Pourquoi est-ce qu’ils n’ont pas découvert la valeur la plus haute tout de suite? Cette histoire est une chose qui rend les scientifiques honteux parce qu’il apparaît que les gens ont fait des choses de ce genre: quand ils ont obtenu une valeur qui était trop supérieure à celle de Millikan, ils pensaient que quelque chose devait être faux — et ils ont cherché et trouvé une raison pour expliquer que quelque chose était peut être faux. Quand ils ont obtenu un nombre proche de la valeur de Millikan, ils n’ont pas regardé d’aussi près. Et donc, ils ont éliminé les nombres qui étaient trop éloignés, et d’autres choses du genre. Nous avons appris ces trucs de nos jours, et maintenant nous n’avons plus cette maladie.

Mais cette longue histoire d’apprendre à ne pas nous duper nous-mêmes — d’avoir une intégrité scientifique totale — est, je regrette de le dire, quelque chose que nous n’avons inclus dans aucun cours que je connaisse. Nous espérons juste que vous l’ayez saisi par osmose.

Le premier principe est que vous ne devez pas vous duper vous-mêmes — et vous êtes la personne la plus facile à duper. Donc vous devez être très prudent à ce sujet. Après que vous ne vous soyez pas dupés, il est facile de ne pas duper d’autres scientifiques. Il vous suffit après d’être honnête d’une façon conventionnelle.

[…]

Quand j’étais à Cornell, j’ai souvent discuté avec les gens du département de psychologie. Une des étudiantes m’a dit qu’elle voulait faire une expérience du genre: d’autres avaient découvert que dans certaines circonstances, X, les rats faisaient quelque chose, A. Elle était curieuse de savoir s’ils feraient encore A si elle changeait les circonstances en Y. Sa proposition était donc de faire l’expérience dans les circonstances Y et voir s’ils faisaient encore A.

Je lui ai expliqué qu’il était nécessaire de répéter dans son laboratoire l’expérience de l’autre personne en premier — la faire dans les conditions X pour voir si elle pouvait obtenir elle aussi le résultat A, et à ce moment seulement changer pour Y et vérifier si A avait changé. Alors elle saurait si la vraie différence était la chose qu’elle pensait avoir sous contrôle.

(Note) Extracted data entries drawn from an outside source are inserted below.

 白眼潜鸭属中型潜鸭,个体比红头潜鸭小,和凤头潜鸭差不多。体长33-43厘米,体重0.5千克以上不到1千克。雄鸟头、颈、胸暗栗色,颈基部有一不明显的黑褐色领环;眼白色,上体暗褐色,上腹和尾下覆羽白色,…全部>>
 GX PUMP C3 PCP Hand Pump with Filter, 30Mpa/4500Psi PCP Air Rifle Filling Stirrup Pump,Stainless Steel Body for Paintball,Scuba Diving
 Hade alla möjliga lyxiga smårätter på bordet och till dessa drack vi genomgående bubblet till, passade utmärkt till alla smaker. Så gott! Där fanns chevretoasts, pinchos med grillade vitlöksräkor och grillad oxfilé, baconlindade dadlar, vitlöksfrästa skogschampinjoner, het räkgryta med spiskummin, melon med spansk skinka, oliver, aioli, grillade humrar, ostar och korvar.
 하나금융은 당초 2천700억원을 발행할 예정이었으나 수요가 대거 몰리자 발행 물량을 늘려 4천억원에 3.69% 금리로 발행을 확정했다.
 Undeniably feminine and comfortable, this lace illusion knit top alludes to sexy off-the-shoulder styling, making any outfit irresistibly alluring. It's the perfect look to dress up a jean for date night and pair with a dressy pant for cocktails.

Elle était très enchantée de cette nouvelle idée, et est allée voir son professeur. Et sa réponse fut, non, vous ne pouvez pas faire ça, parce que l’expérience a déjà été faite et que vous perdriez votre temps. C’était à peu près en 1947, et il apparaît que la politique générale était alors de ne pas essayer de répéter des expériences psychologiques, mais seulement de changer les conditions et de voir ce qui se passait. »

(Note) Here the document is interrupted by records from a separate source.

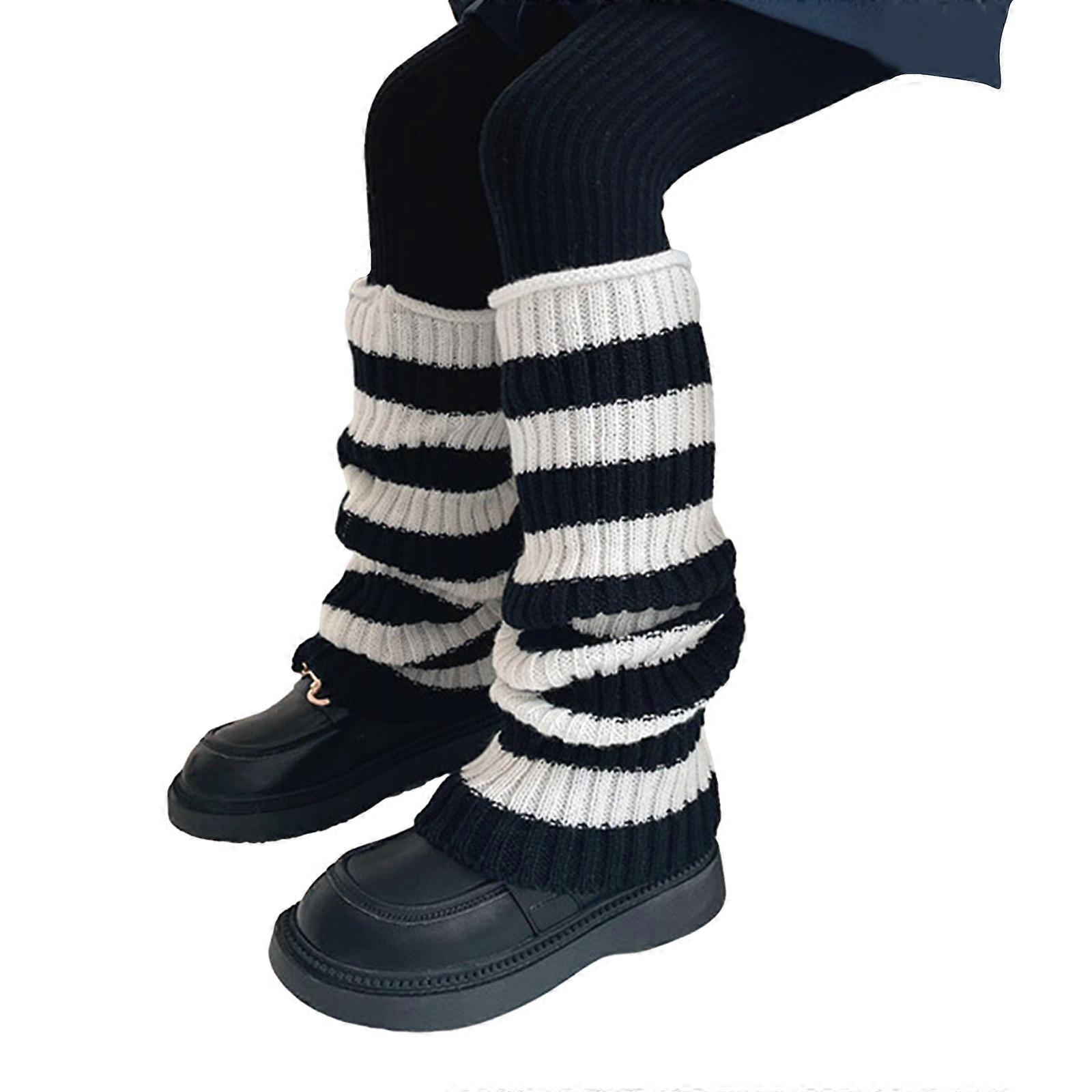 1 Pair Kids Striped Leg Warmers Warm Knitting Knee High Socks Stylish Socks Sleeve Winter Essential Clothing Accessories White
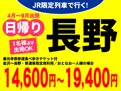 日帰り特集!往復JRと、現地の観光に便利なクーポン付のプラン。
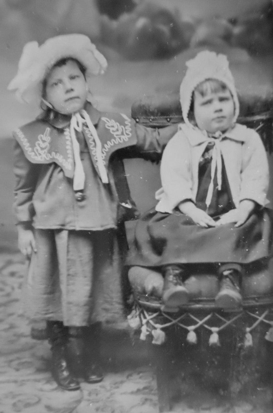 We note a variety of American headwear stles in the 1870s. Age was an important factor. There continued to be some elaborate styles for infants and todlers. These styles do not seem to be gender specific. We are not sure how to describe some of the headwear, many of which seem to be designed to keep the younger children warm. We see a tin-type of two unidentified children, we think in the 1870s. Mny appear to be vatiations of bonnets and tams. The images are odten not detailed enough to fully understand the nature of the headwear.

http://esgs.free.fr/fr/art/rf1.htm

À lire dans son entièreté en gardant en tête ce qui c’est passé à l’Université East Anglia.

Quand on se donne le pénible devoir de lire les nombreux et répétitifs blogs des partisans de Harper qui déblatère sur la question du réchauffement climatique,on se rend compte qu’il s’agit d’un envahissement qui ressemble à de la vile propagande de droite pour favoriser les lobbies pétroliers.L’ACTUALITÉ devrait limiter à 2 ou 3 blogs par sujet pour ne pas enlever tout intérêt aux questions discutées.La pollution peut se manifester de différentes façons comme on peut le constater ici.

Ce que je retiens des septiques et négationistes c’est leur mode de communication : On répète encore et encore le même message point à la ligne. À preuve, sur ce sujet : 33% des commentaires (13/39) proviennent de la même personne. Est-ce de l’acharnement, un moyen malhabile d’essayer de persuader les gens??? Ou est-ce que que lorsque l’on défend un point de vue indéfendable, la seule stratégie restante est de répéter encore et encore le même message en pensant que cela deviendra vraie. Un peu comme Bush et Chenney et les armes de destruction massives.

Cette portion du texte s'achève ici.